Gli anni '90 del rock sono stati caratterizzati dalla città di Seattle con le sue camicie di flanella oversize, dalla Sub Pop, dal cosiddetto "grunge". Le distorsioni chitarristiche, i potenti riffs, l'urlato malessere esistenziale di band quali Perl Jam, Alice in Chains, Soundgarden, per non dire dei popolarissimi Nirvana, qualunque sia l'opinione che si ha sul movimento in questione, impressero indubbiamente un marchio ad un'epoca musicale, mettendo in secondo piano quella che da sempre era la capitale americana della sperimentazione e dell'avanguardia: New York.

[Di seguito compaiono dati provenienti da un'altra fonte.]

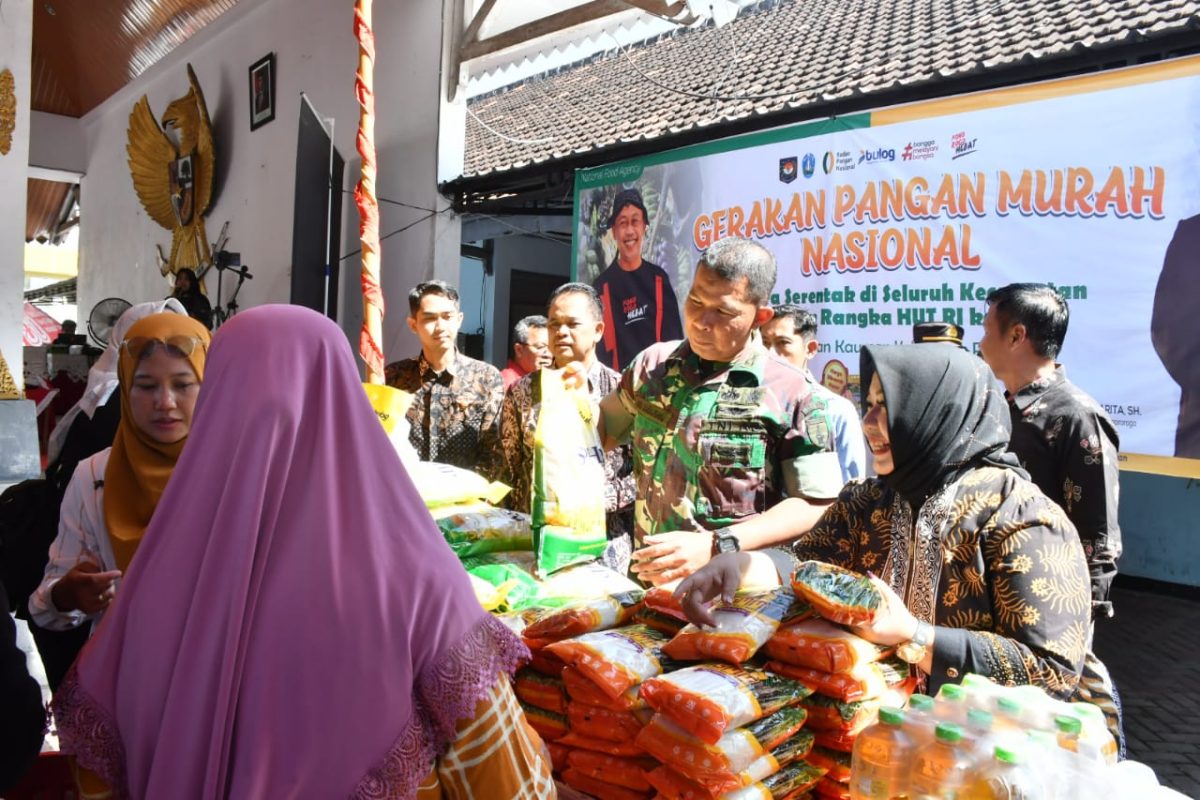 Kodim 0802/Ponorogo tadi pagi menggelar kegiatan Gerakan Pangan Murah (GPM) Nasional secara serentak di seluruh kecamatan se Kabupaten Ponorogo, Sabtu (30/08/2025).

Anche in quegli anni, però, di vacche apparentemente magre la Grande Mela riuscì a far emergere dei gruppi di qualità, sicuramente molto meno famosi di quelle provenienti quasi tutte dallo Stato di Washington, ma che si ponevano come una più che valida alternativa al grunge "pigliatutto". Fra tutti questi gruppi un nome certamente non può essere taciuto: è quello dei Madder Rose. Billy Coté, chitarrista e compositore dotato ed eclettico, insieme a Mary Lorson, chitarrista e vocalist con un timbro a metà tra Susanne Vega e Nico, erano (si sono sciolti nel 2000) le punte di diamante del progetto che nell'arco di circa sei anni, da '93 al '99, diede alle stampe quattro lavori di eccellente fattura, con "Panic On", il secondo, che si colloca, a nostro modesto avviso, tra le uscite migliori pop/rock americane dell'intero decennio. L'album, pur non godendo della notorietà di altri masterpiece del periodo, è davvero un capolavoro minore, poetico e ricco d'influenze, di un sound che sa essere corposo e delicato allo stesso tempo, potente, con fiammeggianti riverberi di "gioventù sonica", ma con una delicata vena pop, neanche troppo sotterranea, che lo attraversa tutto.
Nel primo brano, con la tagliente chitarra di Coté grande protagonista, "Sleep, Forever", sono già rintracciabili molti degli elementi citati, oltre alla loro anima più briosa e rock ‘n' roll. Con "Car Song" si cambia registro e ci si chiede per quali imperscrutabili motivi, quando si cita il gotha newyorkese, ci si dimentica spesso di loro, quando sarebbe bastato, a parer mio, anche solo un brano del genere, lirico, straniante, pare di sentire le cose migliori dei Sundays ma con più nerbo e sostanza, per assicurargli un posto di rilievo accanto ai Television. La sequenza "Panic On", "What holly Sees", "Almost Lost My Mind" esplicita ulteriormente la loro attitudine "pop oriented", ma con un gusto e delle melodie che hanno pochi eguali nell'America di quel periodo, con gli assoli di chitarra del leader a dare ancora maggior lustro. Più energia, più chitarre a briglia sciolta, con rimembranze molto anni '70, sono invece chiaramente riscontrabili in brani come "Drop Bomb", "Black Eyed Town" e, soprattutto, "Ultra Ansietà (Teenage Style)" quasi hard-rock. Ma dove è il loro sound molto personale, sicuramente riconoscibile, si sintetizza meglio è in brani come "Day In, Day Aut", "Foolish Ways", "Mad Dog" dove lo spleen dei testi è accolto e attenuato dalla chiaroscurali armonie, con una capacità di saper coniugare elementi contrastanti che ricorda un po' band come The Breeders.
I Madder Rose forse non saranno mai tra i primi nomi che vengono in mente per stilare una lista degli indispensabili per comprendere l'evoluzione musicale pop/rock degli ultimi tre decenni della Big Apple; eppure sono sempre più convinto che ignorarli potrebbe significare non cogliere a pieno uno degli aspetti più vivaci e rappresentativi dell'anima della grande metropoli.